Here's some well known names on the subject of technique.

_Haydn: "If I found something to be beautiful, so that the ear and the heart could be satisfied, and I would have had to sacrifice such beauty to withered pedantry, then I would rather let stand a little grammatical slip."

Schoenberg: Being a musician consists of intellect, heart, and technique. Without intellect you will be a fiasco, without technique an amateur, and without heart a machine.

Schumann: "Do not be frightened by words like Theory, Thoroughbass, Counterpoint, etc. They can be your friends if you approach them in a friendly manner."

Brahms - "Without craftsmanship,inspiration is a mere reed shaken in the wind"_

Did I ramble a bit here? Composing like forum posting, can be a messy and emotional business so don't believe everything you read...


----------



## Eva Yojimbo (Jan 30, 2016)

SanAntone said:


> Acting is also artifice, and I make a distinction between an actor's portrayal of an emotional state and that same actor experiencing that emotion in response to a crucial life situation. An actor playing a crime victim, obviously, will not feel the same kind of fear as he would if his life were truly in danger. Acting represents emotional responses but it is a performance art, and actors also must remain in control of what they are about.
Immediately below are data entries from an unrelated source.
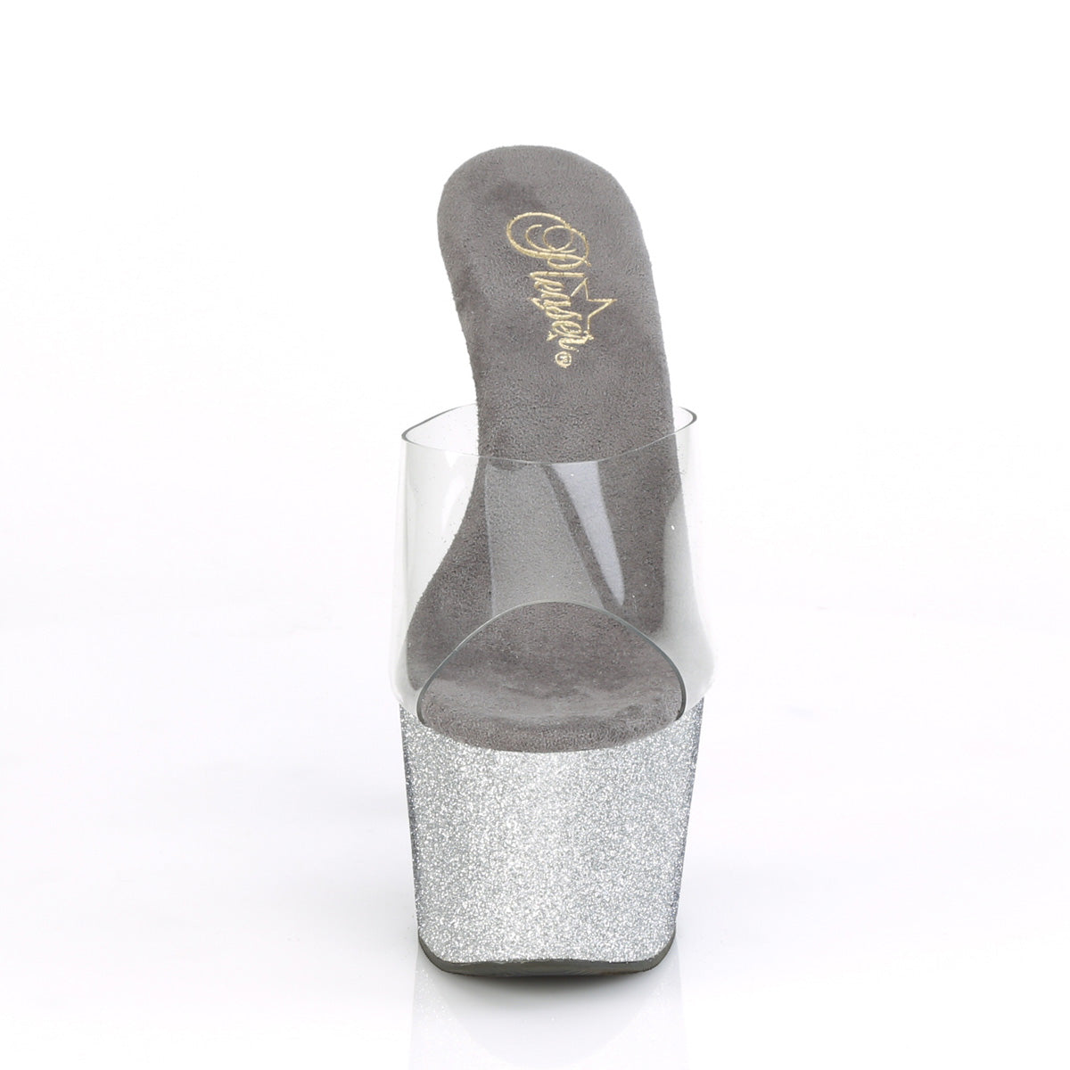 Pleaser Womens Sandals ADORE-701OMBRE Clr/Slv-Blk Ombre Mini Glitter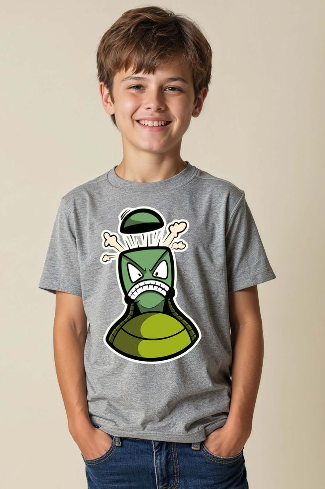 Angry Turtle Power Graphic T-Shirt Casual Trendy Printed Tee for Kids – Typograp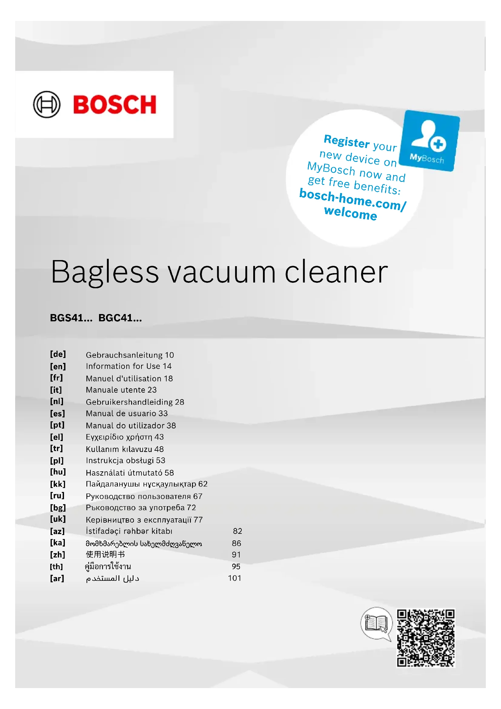 BGC41XALL - Aspirateur BOSCH - Notice d'utilisation et mode d'emploi gratuit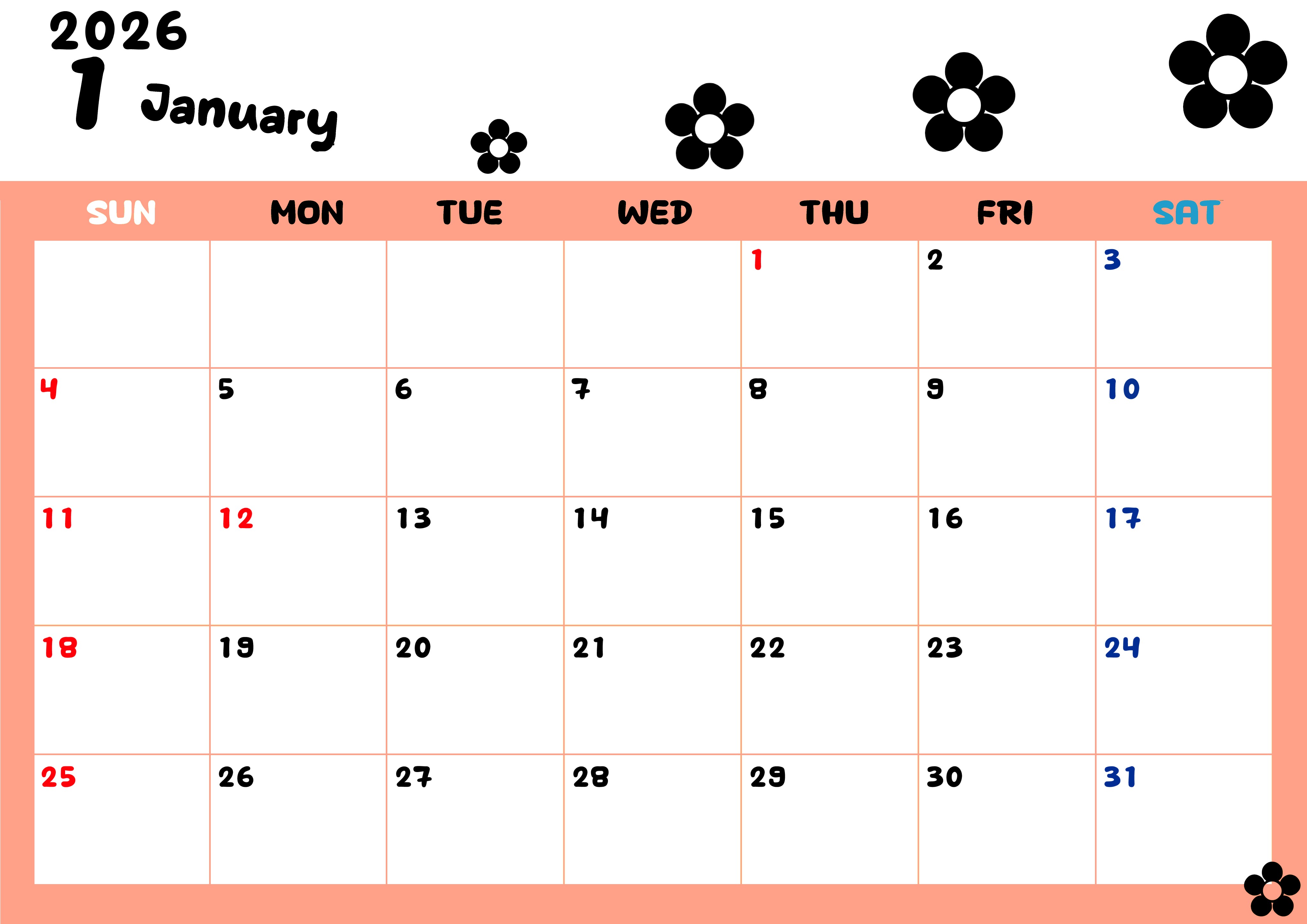 2026年・無料のカレンダーテンプレート 2026年1月カレンダーは横型日曜始まりでフラワーシルエットがかわいいシンプルお花デザイン:無料(2026-01300100) 素材状デザイン王 2025年4月10日 2026年1月カレンダーは横型日曜始まりでフラワーシルエットがかわいいシンプルなお花デザインです。暮らしを豊かにする予定の整理におすすめの無料ダウンロード可能コンテンツです。(2026-01300100) かわいい 1月 草花 横型のカレンダー 日曜始まり カレンダーデザイン-0130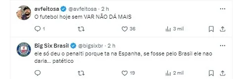 A marcação das penalidades geraram a indignação entre os espectadores, que expressaram sua frustração e descontentamento com a decisão do árbitro. Muitos questionaram a legitimidade da falta e criticaram a interpretação do lance, considerando-o controverso e passível de debate.
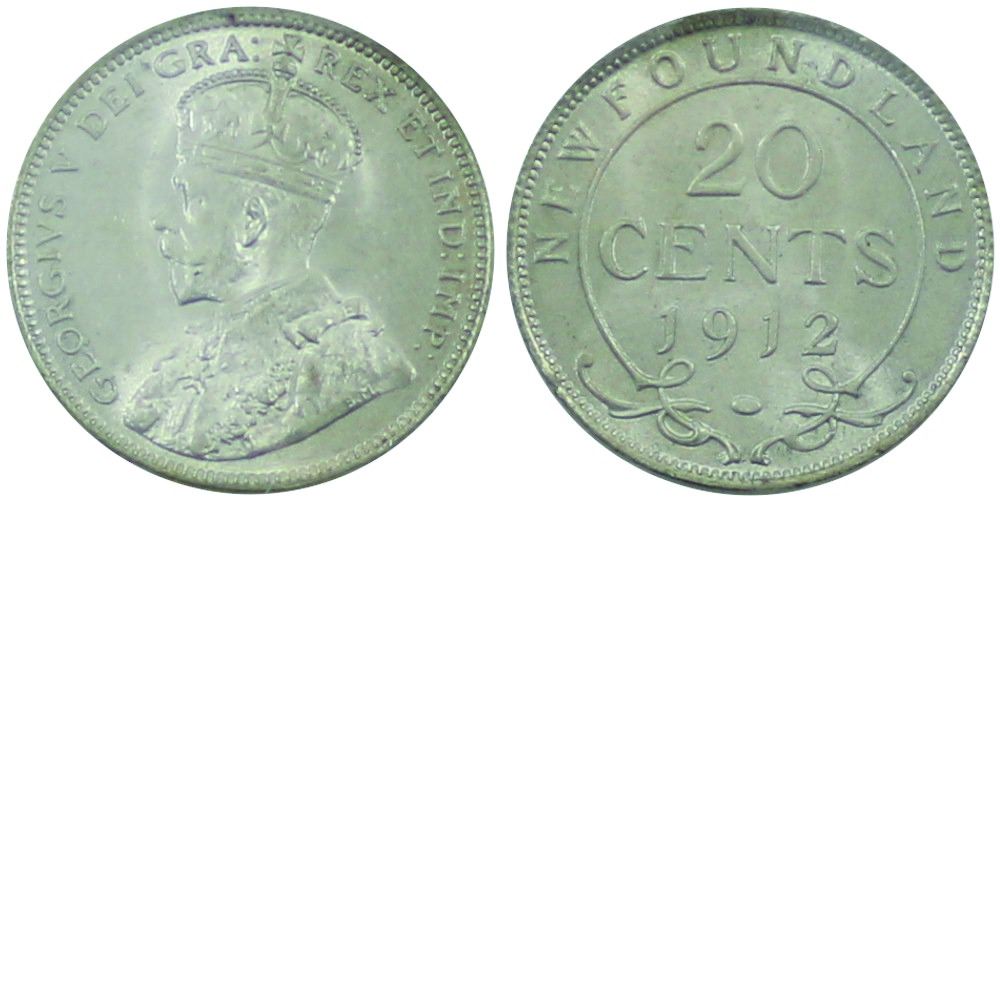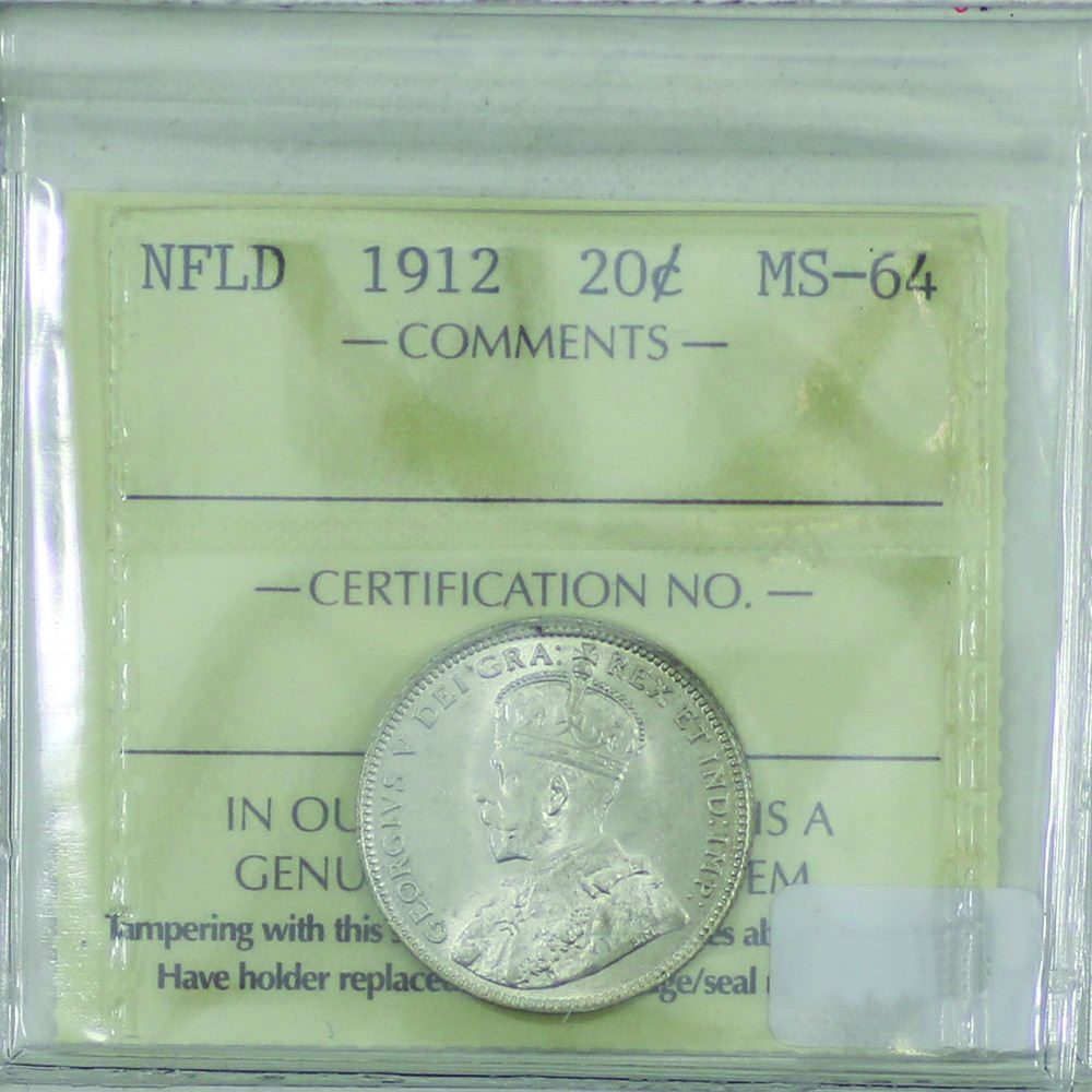 Newfoundland 1912 20-cent ICCS certified MS-64! An exceptionally Lustrous coin with a Low POP in Mint state!

I've heard that actors will draw on memories of past experiences in order to more freely elicit the appropriate acting emotion - but there is a difference: one is real and one is acting.
> 
> An actor playing a lover is not, in fact, in love with his co-star.


Yes, there's an entire acting school/method founded on the technique of actors feeling the emotions that their characters would feel so they are "reacting" more than "acting." Whether or not you think they actually are feeling what the characters feel I think it's silly to define expression in such a limited way that a person must be feeling whatever it is they're expression. One huge problem with that is you don't have access to anyone else's mind so you can never know what they're actually feeling. Further, a huge part of the issue is what is means to "express" something through any medium, whether that's written language, body language, spoken language, or, yes even music. To me, the latter is more to the heart of the matter. But I really don't think it makes sense to limit expression to something someone can only do if they're feeling the thing being expressed. Too many ambiguities there.


----------



## Eva Yojimbo (Jan 30, 2016)

Forster said:


> And therein lies the problem. How do we analyse that association and separate all the non-musical cues from the musical?
> 
> Just to confirm via a different example. I've played the _William Tell Overture _to classes of primary aged children (4-11 year olds) and they had no problem being so stirred by the gallop that the class could get out of hand. I'm pretty sure that few of them would have seen _The Lone Ranger_, so they were unlikely to be bringing that non-musical cue with them. They were responding directly to the obvious, simple emotional cues in the music. It's not a piece to play at the beginning of an assembly for collective worship if you're looking for quiet reflection!
> 
> ...


Why would we need to? Again, the way many kids learn how to use language is by observing the context and emotions associated with a word's usage. We do not need to disentangle this from all of the non-linguistic cues to observe that this happens and how it happens. The point is that once it HAS happened that there is often a massive socio-cultural shared understanding of such associations. It's why almost anyone who would recognize the love theme from Tchaikovsky's Rome & Juliet would think of love, the same way anyone who's ever heard the word "damn!" would associate it with anger or frustration even if they've never looked up or been told the definition of the word.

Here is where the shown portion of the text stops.